The dialysate samples were individually homogenized in 0.25 ml methanol and centrifuged for 10 min (16,873 × g) at 4°C. Briefly, 20 µl supernatant was injected into an HPLC machine equipped with a fluorescent detector (Waters Corporation, Milford, MA, USA) and an amino acid analysis column (Waters Corporation). Separation of the amino acid mixture was performed using a gradient system at a flow rate of 1 ml/min. Mobile phase A contained a sodium acetate buffer and mobile phase B contained acetonitrile. Fluorometric detection was performed at an excitation and emission wavelength of 250 and 395 nm, respectively.

Optical microscopy

At the end of the experiment, the animals were sacrificed by decapitation. The brain tissues were removed and fixed with 4% paraformaldehyde in 0.1 M phosphate buffer (pH 7.4) for 48 h.

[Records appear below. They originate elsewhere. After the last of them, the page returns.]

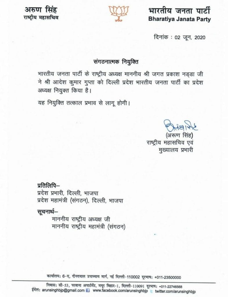 कोरोना संकट में लॉकडाउन 5.0 के लगते ही भाजपा ने बड़ा बदलाव किया है।बीजेपी ने तीन राज्यों के प्रदेश अध्यक्षों को हटा दिया है। दिल्ली बीजेपी अध्यक्ष पद से मनोज तिवारी की छुट्टी हो गई है है, उनकी जगह अब आदेश कुमार गुप्ता को दिल्ली बीजेपी की कमान सौंपी गई है।आदेश गुप्ता उत्तरी दिल्ली नगर निगम के पूर्व महापौर हैं। बता दें कि मनोज तिवारी को 2016 में दिल्ली भाजपा अध्यक्ष नियुक्त किया गया था। सूत्रों का कहना है कि उन्होंने दिल्ली की हार के तुरंत बाद इस्तीफा देने की पेशकश की थी, लेकिन विकल्प नहीं मिलने तक इसे जारी रखने के लिए कहा गया था।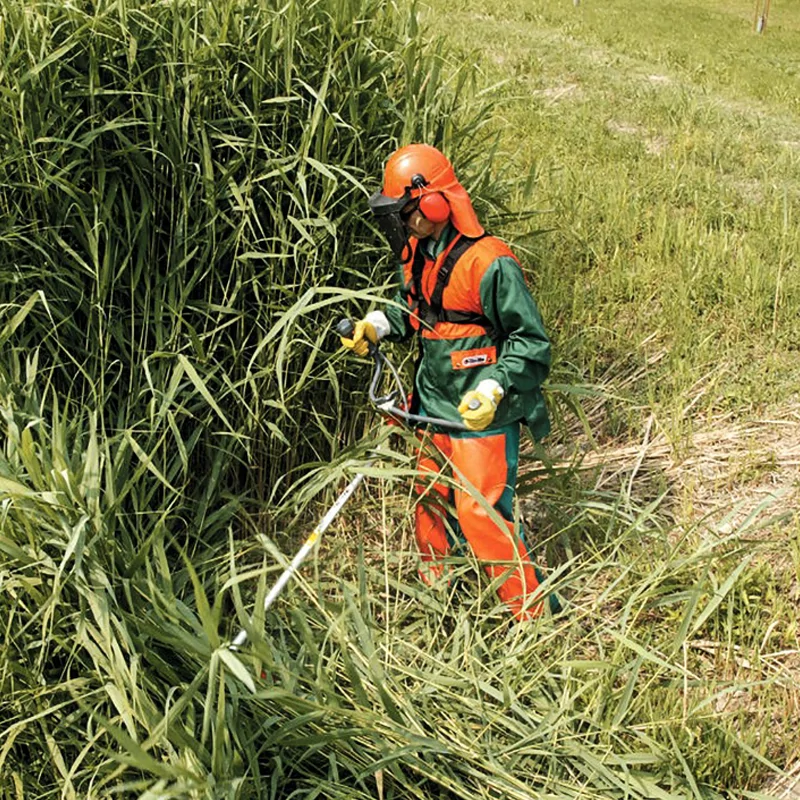 Бензокоса Oleo-Mac SPARTA 38 профессионального класса выдерживает высокие нагрузки при интенсивном использовании. Такие особенности конструкции, как прямая алюминиевая штанга, двигатель мощностью 2,2 л.с. и частота вращения вала до 8500 об/мин, обеспечивают высокую производительность косьбы. Мототриммер легко справляется с очисткой территории от густых сорняков, бурьяна и поросли кустарников. Ширина скашивания леской составляет 380 мм, ножом — 255 мм.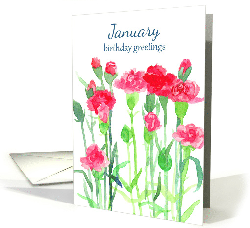 | Artist Notes: | A colorful happy birthday card for someone with a birthday in January featuring the birth month flower with an arrangement of of bright pink and red carnations |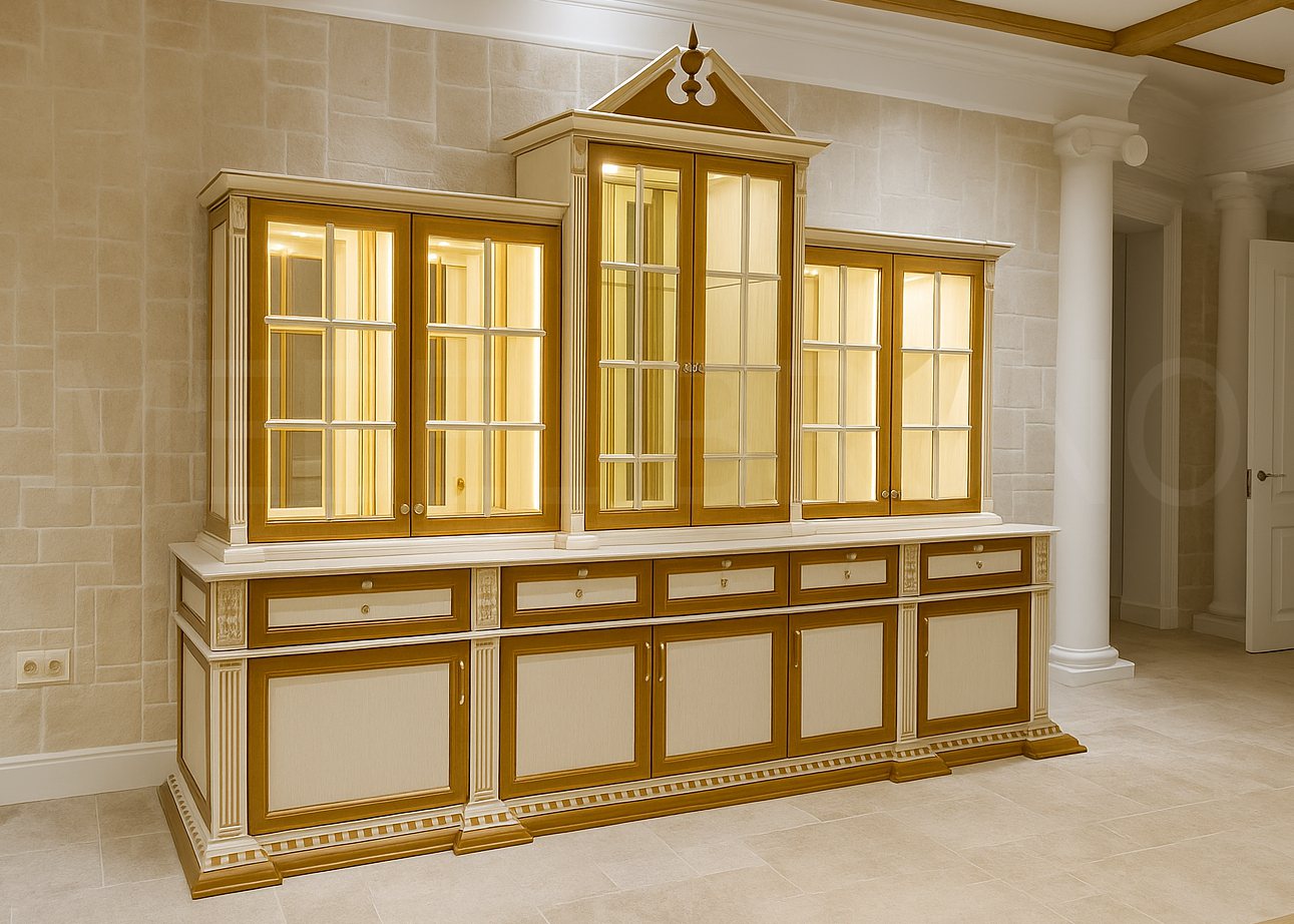Этот буфет-витрина создан для тех, кто любит порядок и красивые детали. Витринные секции со стеклом и подсветкой превращают посуду и коллекции в часть декора, а нижние модули берут на себя всё хранение “без лишнего на виду”. Классические пропорции, аккуратный декор и тёплый свет делают композицию по...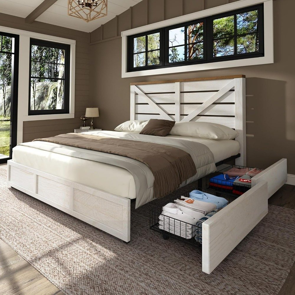 Bring timeless farmhouse style and smart functionality to your bedroom with this Queen Size Farmhouse Bed Frame. Designed to impress and built to last, this bed frame features a warm white and barnwood finish that creates a cozy, rustic atmosphere in any space. The barn-style headboard with arrow detailing adds a touch of vintage flair, while the sturdy construction ensures lasting support and stability. Whether you’re upgrading your master bedroom or furnishing a guest room, this bed is a stylish and space-saving solution.
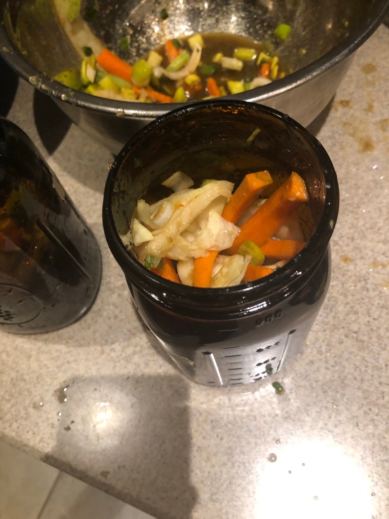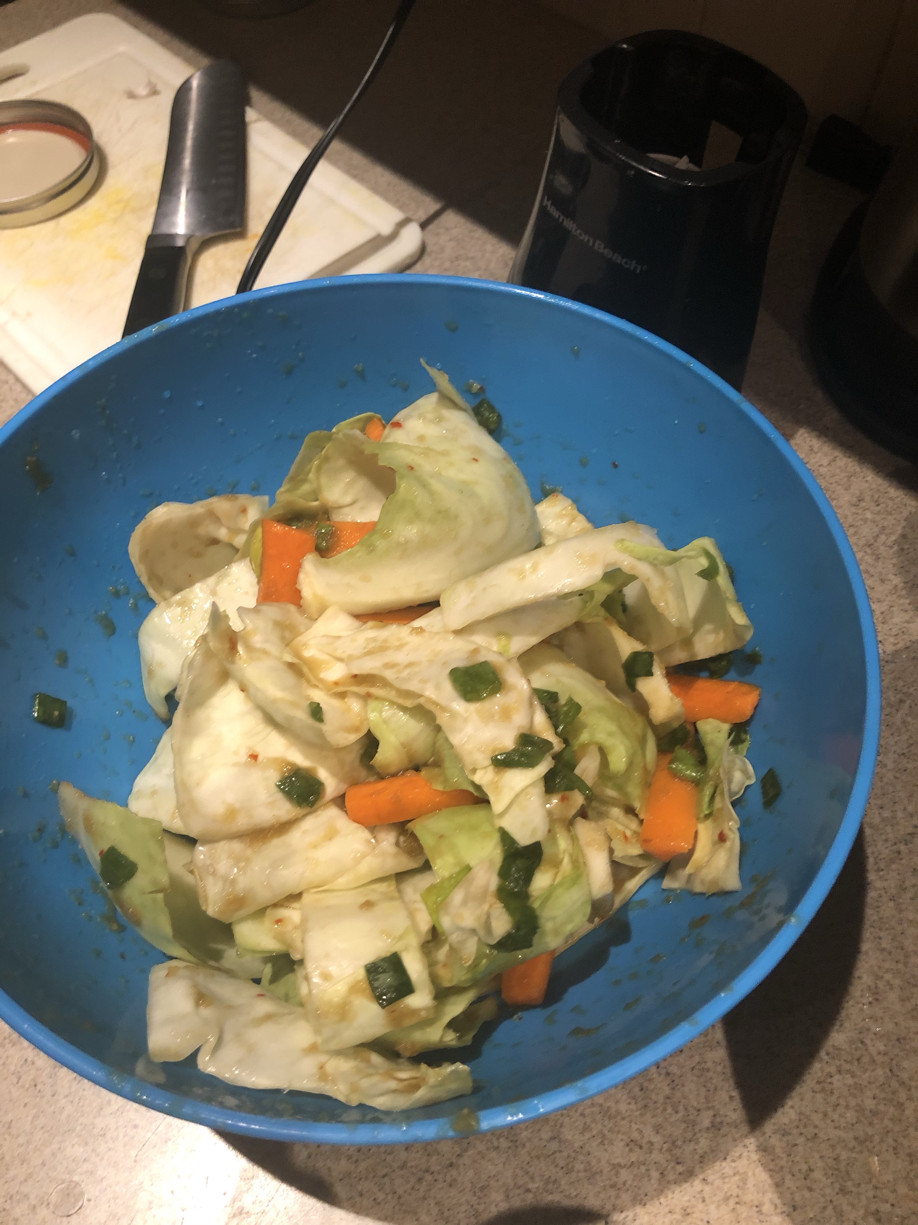 The process is as simple as it can be. With one hitch; The salt I had bought it much rockier than I thought it would be. It didn’t stick to the cabbage as much as I liked so it wasn’t wilted as it should be. But we meet be on. I loosely cut the veg, and I didn’t have Napa cabbage but regular worked just fine, batoned some carrots, added in some leek and green onion, mixed it all together and let it sit. after an hour it was ready to be jarred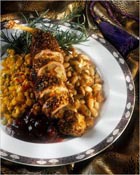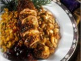 300 г куриного филе отбить, посыпать специями или натереть соусом «Чили». Затем на пластину филе положить измельченное яблоко (лучше антоновку). Завернуть яблоки в филе, перевязать ниткой – и на 10-15 минут отправить в аэрогриль.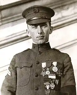 - At last General Pershing finished his speech and climbed down from his platform. He came straight toward Lieutenant Hays. I kept my eyes glued to the front, but I knew what he was doing. He stopped before the lieutenant, plopped his heels, and did something with his hands. I heard him speak to the lieutenant. Then he was standing in front of me. He saluted, and I almost snapped my right arm off in answering. But I did it automatically. My head had about quit functioning. The general stepped up close to me, did something with the front of my blouse- and a pin went straight through the blouse into the flesh on my chest! He shook hands with me and congratulated me, and said something about a "fellow Missourian." Then he knocked his heels together, gave a low, snappy salute, sidestepped to the right, and began decorating the next fellow.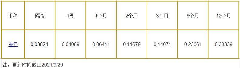 9月29日香港银行间同业拆借利率港币: 隔夜报0.03824%, 1周期报0.04089%, 1月期报0.06411%, 12月期报0.33339%。 香港银行同业拆放利率HIOR(HogkogItrakOffrdRat),指香港货币市场上,银行与银行之间的一年期以下的短期资金借贷利率,是从伦敦同业拆借利率(LIOR)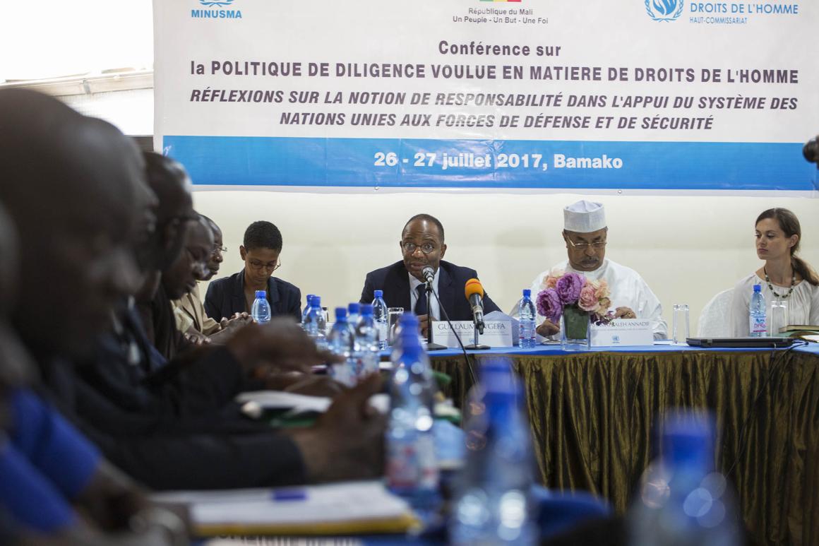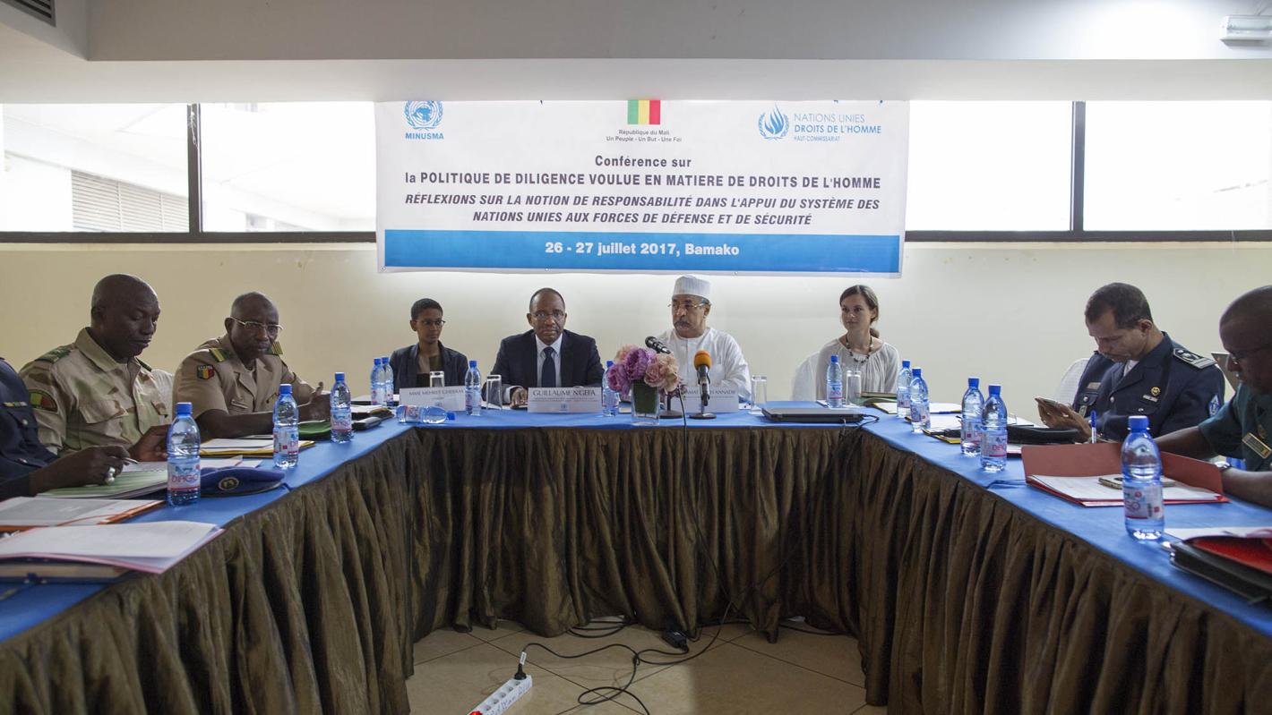 Les 26 et 27 juillet 2017, la Division des droits de l'homme et de la Protection (DDHP) de la MINUSMA a tenu, à Bamako, une conférence sur la Politique de diligence voulue en matière de droits de l'homme (PDVDH). Promulguée en 2011 par le Secrétaire général des Nations Unies, cette politique définit les mesures que toutes les entités des Nations Unies doivent prendre pour veiller à ce que tout appui qu’elles seraient amenées à fournir à des forces de sécurité non-onusiennes se réalise en conformité avec les buts et principes énoncés dans la Charte des Nations Unies, et en particulier le respect du droit international humanitaire, des droits de l’homme et du droit des réfugiés.
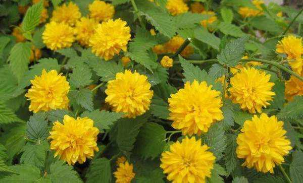 棣棠是北方園林綠化常用的落葉花灌木,植株高度一般0.8~1.5米,纖細(xì)瘦弱的枝條,顏色碧綠,匍匐生長(zhǎng),直立性較差,棣棠葉子也是綠色,葉子長(zhǎng)2~10cm寬1.5~4cm。每年4月5月開花,花朵金黃,直徑4cm,重瓣。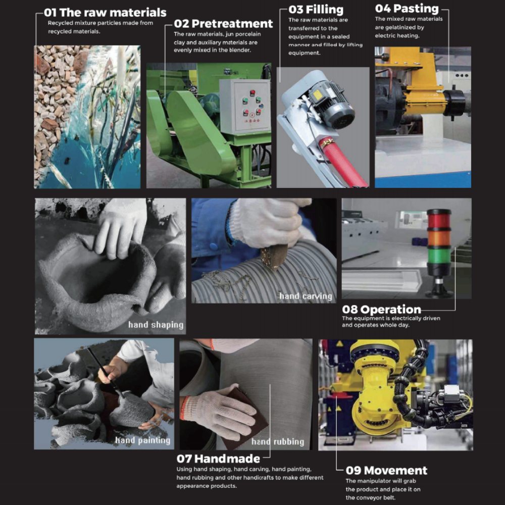 Patent material: not resin, not plastic, not concrete, not ceramic. It is a mixture of blend the Jun porcelain clay and the polymer resin and wood powder together at a high temperature.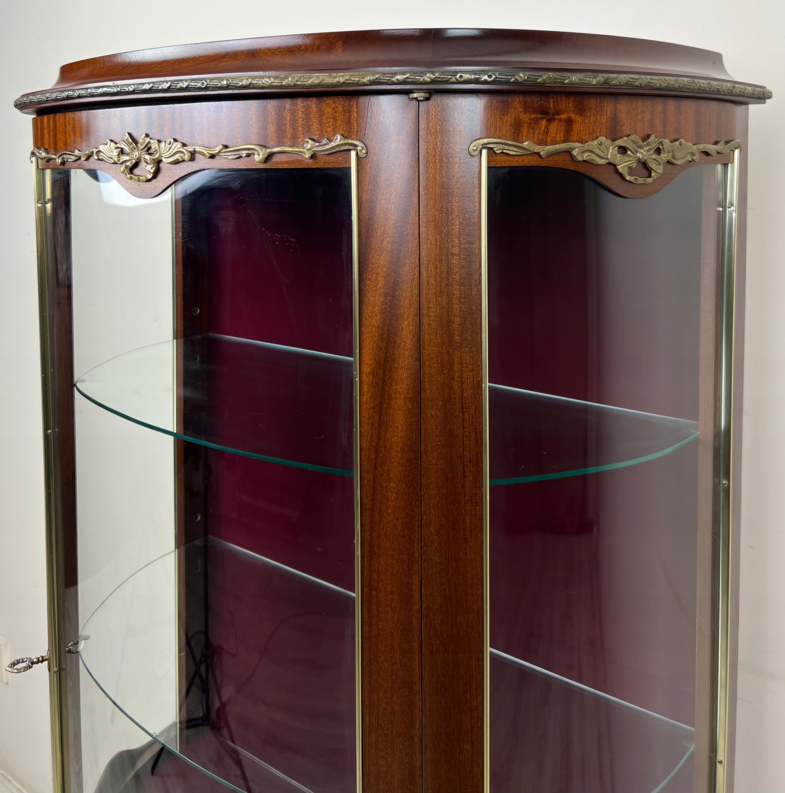 Всередині вітрини є видимі ознаки використання - дві останні оксамитові полиці.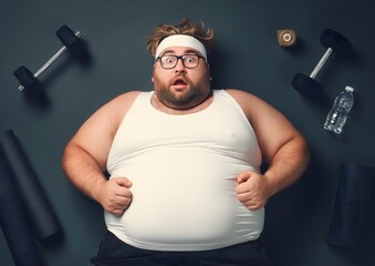 Funny overweight man working out in the gym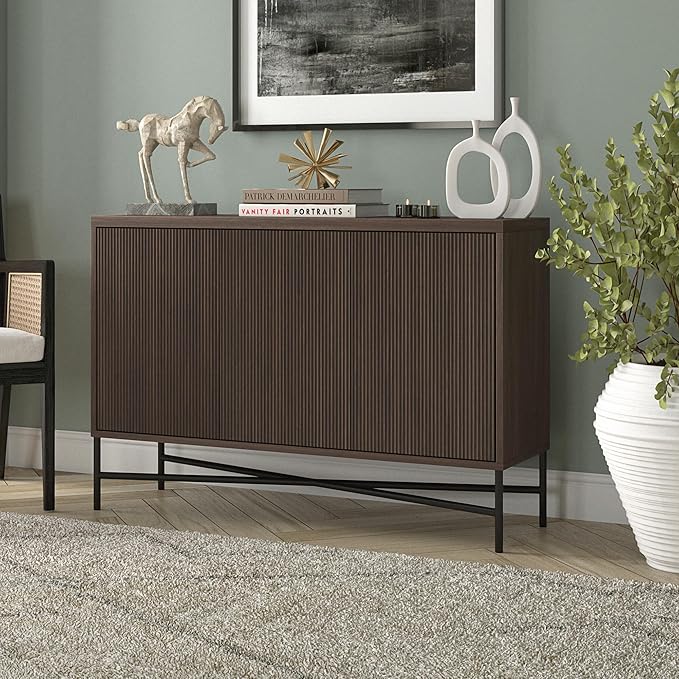 Henn&Hart 48" Wide Rectangular Buffet Table in Warm Brown, for Home, Living Room, Bedroom, Entertainment Room, Office

Subsequently, the brain tissues were sectioned coronally into 30-mm-thick sections at the FN, XSCP and LHA levels. Nissl staining of the sections was performed to observe the locations of the lesions and microdialysis probes under an optical microscope at a magnification of ×200.

RNA isolation and reverse transcription-quantitative polymerase chain reaction (RT-qPCR) analysis

TRIzol reagent (Invitrogen, Thermo Fisher Scientific, Inc., Waltham, MA, USA) was used to extract the total RNA from the tissue samples according to the manufacturer's protocol. RT-qPCR was used to evaluate the mRNA levels of TNF-α, IL-6, and IL-1β. Superscript II Reverse Transcriptase (Invitrogen, Thermo Fisher Scientific, Inc.) was used to reverse transcribe the isolated RNA into cDNA using an oligo dT18 primer in accordance with the manufacturer's protocol. The Sequence Detection System 7900HT containing the Universal Master Mix (both Applied Biosystems, Thermo Fisher Scientific, Inc.) was used to perform the qPCR with specific primers (Table I). The PCR procedure started with an initial step of 50°C for 2 min, then 95°C for 2 min, followed by 40 cycles of denaturation at 94°C for 15 sec, annealing at 58–62°C for 15 sec and extension at 72°C for 15 sec. Melt curve analyses (65–95°C at a rate of 0.1°C per sec) were performed at the end of each PCR. If multiple peaks were observed, the data were not used. Each threshold cycle (Ct) value was calculated by taking an average of values obtained from triplicates samples. β-actin was used as the internal control for normalization of the mRNA expression of TNF-α IL-6, and IL-1β. The 2−ΔΔCq method (19) was used to calculate expression of the cytokines.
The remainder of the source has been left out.